=== Section Start ===
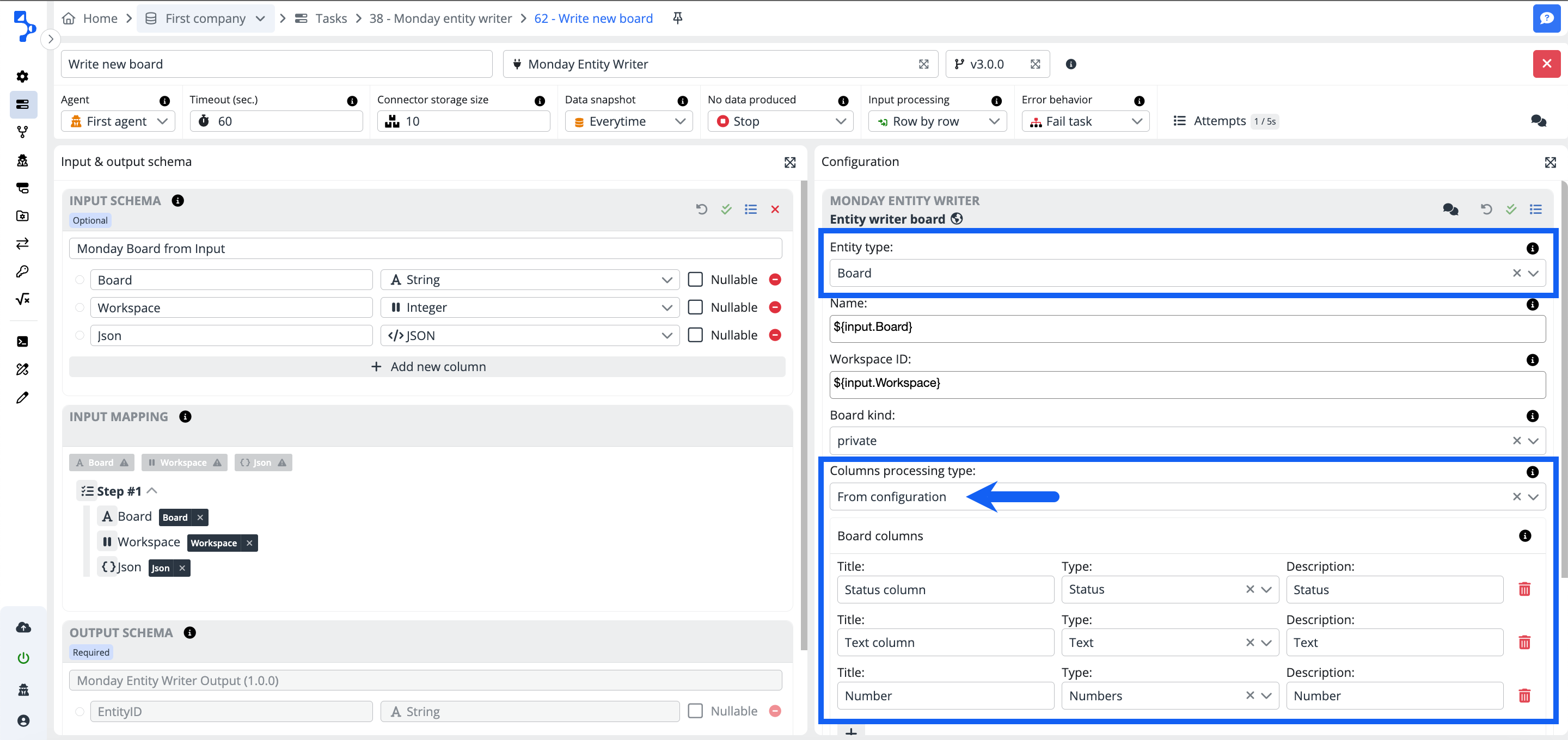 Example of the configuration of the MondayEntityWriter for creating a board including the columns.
=== Section End ===
=== Section Start ===
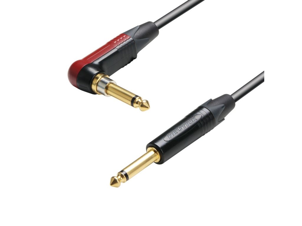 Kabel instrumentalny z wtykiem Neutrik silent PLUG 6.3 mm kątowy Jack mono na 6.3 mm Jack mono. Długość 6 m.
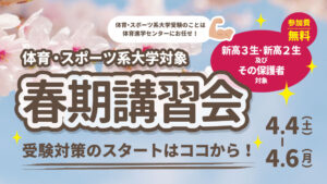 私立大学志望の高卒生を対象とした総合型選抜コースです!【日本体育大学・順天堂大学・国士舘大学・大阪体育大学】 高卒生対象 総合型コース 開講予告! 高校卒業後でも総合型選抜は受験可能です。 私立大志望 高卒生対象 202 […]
=== Section End ===
=== Section Start ===
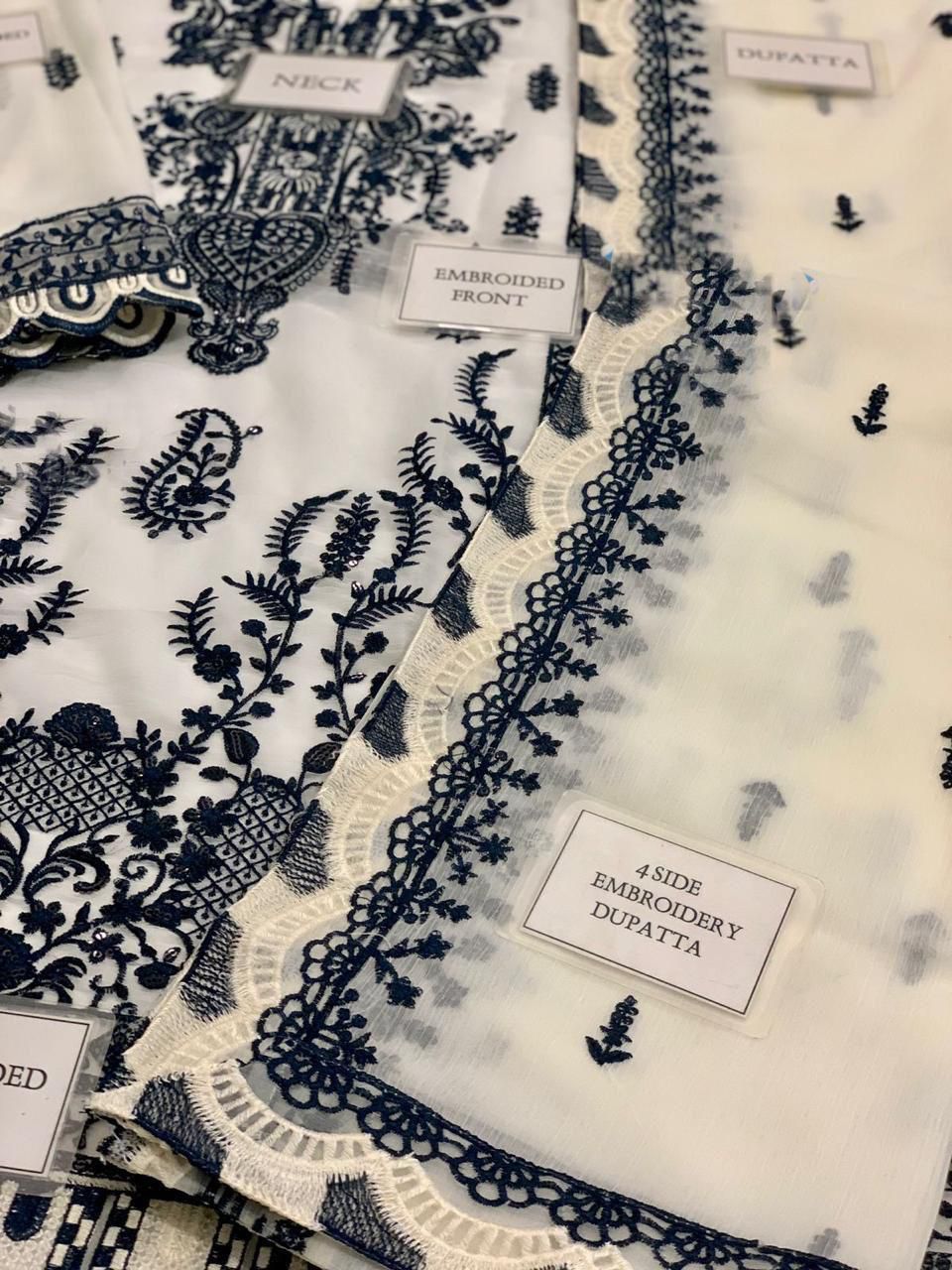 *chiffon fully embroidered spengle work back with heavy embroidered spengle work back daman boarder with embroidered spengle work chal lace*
=== Section End ===
#### TASK
Going by the entries above, repeat exactly the lines that start at the line with "Kabel instrumentalny z" and go on through the line with "高卒生対象 202 […]". Pictures are not part of the copy.

#### FINISHED TASK
 Kabel instrumentalny z wtykiem Neutrik silent PLUG 6.3 mm kątowy Jack mono na 6.3 mm Jack mono. Długość 6 m.
 私立大学志望の高卒生を対象とした総合型選抜コースです!【日本体育大学・順天堂大学・国士舘大学・大阪体育大学】 高卒生対象 総合型コース 開講予告! 高校卒業後でも総合型選抜は受験可能です。 私立大志望 高卒生対象 202 […]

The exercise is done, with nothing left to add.